Due to the looming fact we only had a few more hours to see Nanjing, we decided to go straight to Purple Mountain. This was an excellent decision by team Ireland and NZ (Tara and myself). We caught the bus up to the Gondola (or cable car whatever you'd prefer to call it) which took us to the top of Purple Mountain for a spectacular view of Nanjing. After some lunch nearby, we decided we probably had enough time to essentially sprint to the Mausoleum, which very quickly turned to a power walk - it was too warm to run. Then taking our time we didn't quite realise that if we didn't leave within the next few minutes after we saw the Mausoleum which wasn't all it was cracked up to be as it turns out you needed to buy another entry ticket to go inside, we would miss our train. So we raced to find the little choo choo train we saw driving people back down the mountain to the main road as all roads were closed on the mountain due to being a public holiday. Of course, we had to line up again for our ticket and after we bought our ticket we then saw the line for the choo choo train. In that moment, we realised waiting would've taken longer than to walk so we power walked back to the bottom, beating 3 choo choo trains.
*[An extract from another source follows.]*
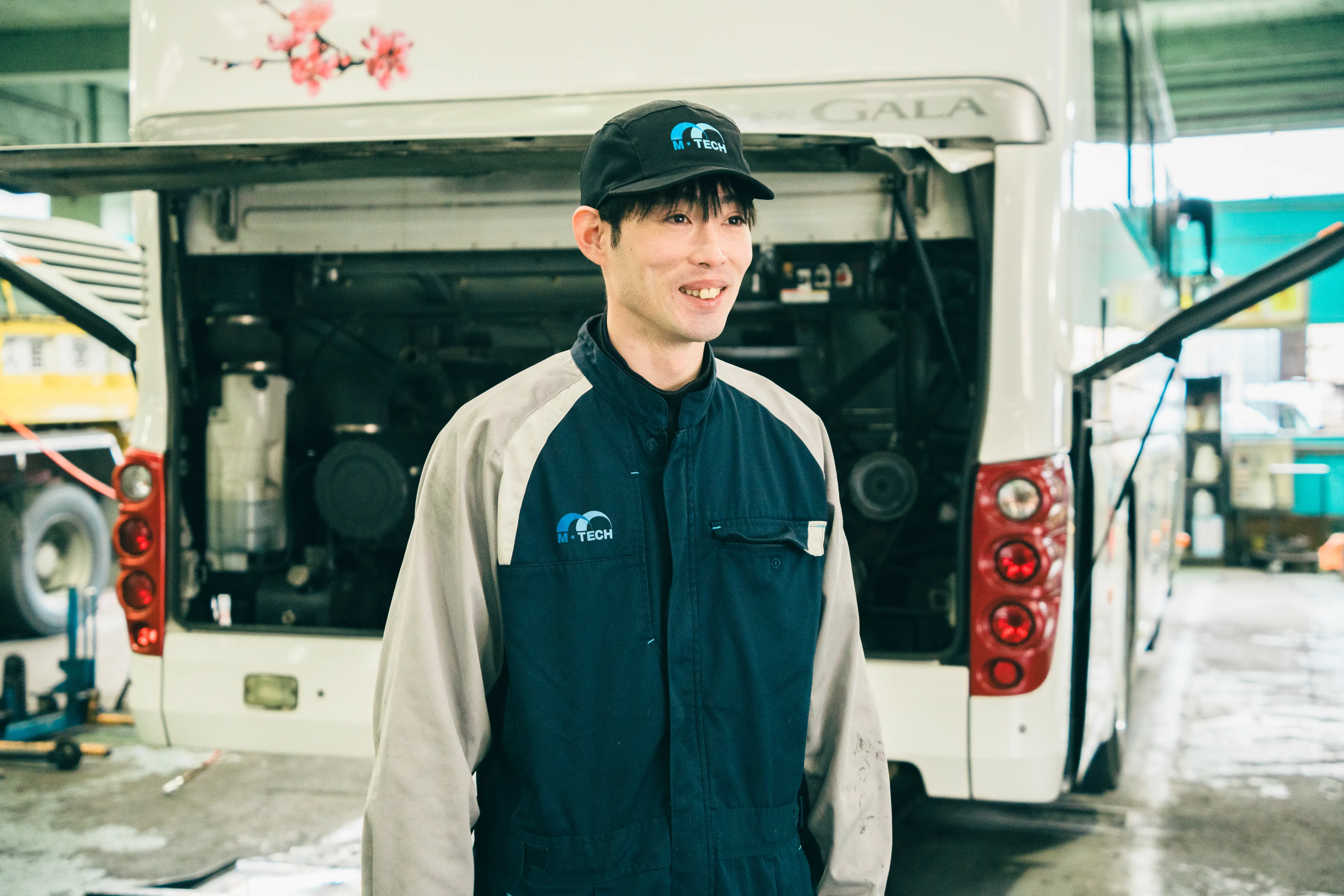 「昨日できなかったことが、今日自分の力でできるようになった」。日々の業務の中で、その小さな成長の積み重ねを実感できる瞬間が本当に楽しいです。最初は先輩の後ろ姿を見ているだけだった作業も、今では一人で任せてもらえるようになり、自分自身の技術が少しずつ磨かれていく喜びがあります。そして何より、自分が心を込めて整備したバスが、今日も街中で誰かの大切な日常を運んでいるという事実に、言葉にできない強い誇りを感じています。

As we reached the bottom we were deciding whether or not catch a taxi or the subway when we realised.... it took minimum of 50mins to get to the train station and we had about maximum 20 until our train was going to depart. We had missed our train. So after another painful wait at the subway we finally got to the train station. After what felt like the millionth wait in line, we managed to refund our tickets (for free as is every train ticket in China) and we were finally on our way home, two hours later than planned.
Even though we felt we suffered so much throughout the day, it was still such an amazing day out. The Gondola views were stunning, the experience of the crowds was something unreal and hilarious that it was kind of worth waiting in line just to appreciate the no lines in normal life back at home, and just a great day out with my bestie. It was fab.
So if you have a Bad China Day, look past all the ridiculousness of it and realise how unreal it is and that it is actually just a situation you can choose to either cry or laugh about and share it with others for a good story or heck, share it in a blog! You got this! Days like these are what makes China so very China. Because in China, if one thing goes terribly wrong, you're bound to have everything go wrong for that day so just grit ya teeth and get on with and laugh it away.